MATERIALS AND METHODS
Plasmids.
Genes encoding components of the Pol II machinery were generated by PCR of the entire open reading frame from either plasmids harboring the gene or from cDNA libraries and were then inserted into pSG424, which contains a Gal4(1-147) expression cassette under the control of the simian virus 40 promoter (46), or a pCS2+ expression vector containing LexA(1-202) and the simian virus 40 T-antigen nuclear localization signal (29) inserted at codon 3 of LexA. The 5XGal-e1bTATA-luciferase reporter, which contains the luciferase gene in place of the chloramphenicol acetyltransferase gene of 5XGal-e1bTATA-CAT (38) and is harbored on plasmid pBS226 (BRL/Life Technologies), the 4XGal4-thymidine kinase-luciferase reporter (14), the 5XGal-myelomonocytic growth factor-luciferase reporter (4), and the 4XGal-c-fos promoter-luciferase and 5XGal-retinoic acid receptor (RAR) promoter-luciferase reporters (7) have been previously described. The 2XGal2XLex-e1bTATA-luciferase reporter was constructed by removing the five Gal4 binding sites from the 5XGal-e1bTATA-luciferase reporter and then adding two Gal4 DNA-binding sites (CGGAGTACTGTCCTCCG) and two LexA DNA-binding sites (CTGTATATATATACAG). The Gal4 fusions to E2F1 derivatives (18), VP16 (38), MyoD (52), CREB-binding protein (CBP) (10), PGC-1 (45), and p300 (55) have been described. Other Gal4-based activators were constructed by cloning PCR products into pSG424. Plasmid pSG5 expressing wild-type hTBP has been described previously (30).
Cell lines.
CHO14-1-2, CHO14-1-18, and CHO14-1-19, which were obtained from Brian Sauer, are neomycin-sensitive cell lines that each harbor a single Lox site for integration of plasmids at a defined position within the mammalian genome (19). These cells were maintained in minimal essential medium alpha with nucleotides, 10% fetal bovine serum, penicillin, and streptomycin. To construct cell lines harboring the different reporter plasmids, cells were electroporated with 10 μg of Cre recombinase expressing plasmid and 10 μg of the reporter plasmid at 450 V at 500 μF as described elsewhere (19). Cells were selected 2 days after plating in the above medium plus Geneticin (400 μg/ml; Life Technologies).

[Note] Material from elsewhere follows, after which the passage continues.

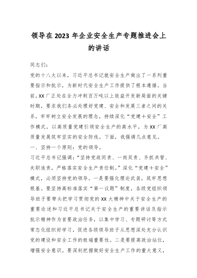 / 领导在2023年企业安全生产专题推进会上的讲话

Independent clones were expanded and checked for a proper single-copy integration event by Southern blotting. The CHO2-219, CHO18-219, and CHO19-219 cell lines were constructed in this manner and contain the 2XGal2XLex-luciferase reporter gene integrated into the CHO14-1-2, CHO14-1-18, and CHO14-1-19 parental cell lines, respectively.
Transcriptional analysis.
The CHO cell lines were seeded at a density of 105 cells/well in 12-well plates (1.75-cm-diameter wells) 18 to 24 h before the transfection. Cells (40 to 50% confluent) were transfected with 0.5 or 0.6 μg of DNA/well in the presence of 1.5 μl of FuGENE6 (Boehringer Mannheim) per well according to the manufacturer's instructions. The transfected cells were harvested 48 h after the addition of DNA by washing the cells twice with 1× phosphate-buffered saline and then adding 100 μl of 1× reporter lysis buffer (Promega); 100 μl of luciferase reagent (Promega) was added to 20 μl of extract, and then light units were immediately measured in a Turner luminometer using a 2-s delay and 15-s integration. Each data point is the average of duplicate transfections. Individual experiments are shown, but similar results were obtained at least twice. The error for each determination in the figures is approximately ±25%.
Cell sorting.
The CHO19-219 cell line was seeded at a density of 3 × 106 cells/10-cm-diameter dish 18 h prior to transfection. Each plate of cells (40 to 50% confluent) was transfected with 7.5 μg of the LexA fusion and 7.5 μg of the green fluorescent protein expression plasmid pGREENLANTERN (BRL/Life Technologies) in the presence of 60 μl of LipofectAMINE (BRL/Life Technologies) under serum-free conditions in OptiMEM (BRL/Life Technologies). This transfection solution was removed after 4 h and replaced with growth medium without antibiotics. Cells were harvested 48 h after transfection by trypsinization and separated by fluorescence-activated cell sorting on a MoFlo instrument (Cytomation) at a cutoff where less than 0.5% of nontransfected cells displays fluorescence. A total of 5 × 105 cells were isolated for each LexA fusion, and luciferase values were determined as above.
Western blotting.
CHO14-1-2 cells were transiently transfected as above with plasmids containing the fusion gene only. Protein extracts were made from cells 24 h after transfection by washing cells once in 1× phosphate-buffered saline, adding 150 μl of sodium dodecyl sulfate sample buffer, and then boiling the extract. Twenty microliters of each sample was resolved by sodium dodecyl sulfate-gel electrophoresis on 10% gels and blotted to nitrocellulose at 30 V for 15 h. The blots were probed with a polyclonal anti-LexA antiserum (Upstate Biotechnology) used at a 1:1,000 dilution in blocking solution (5% Carnation nonfat milk, 0.2% Triton X-100, 25 mM Tris-Cl [pH 7.4], 137 mM NaCl, 2.7 mM KCl), and then treated with a peroxidase-conjugated goat anti-rabbit immunoglobulin G secondary antibody diluted to 1:10,000 in blocking solution. The antisera were detected using Luminol reagent (Santa Cruz Biotechnology).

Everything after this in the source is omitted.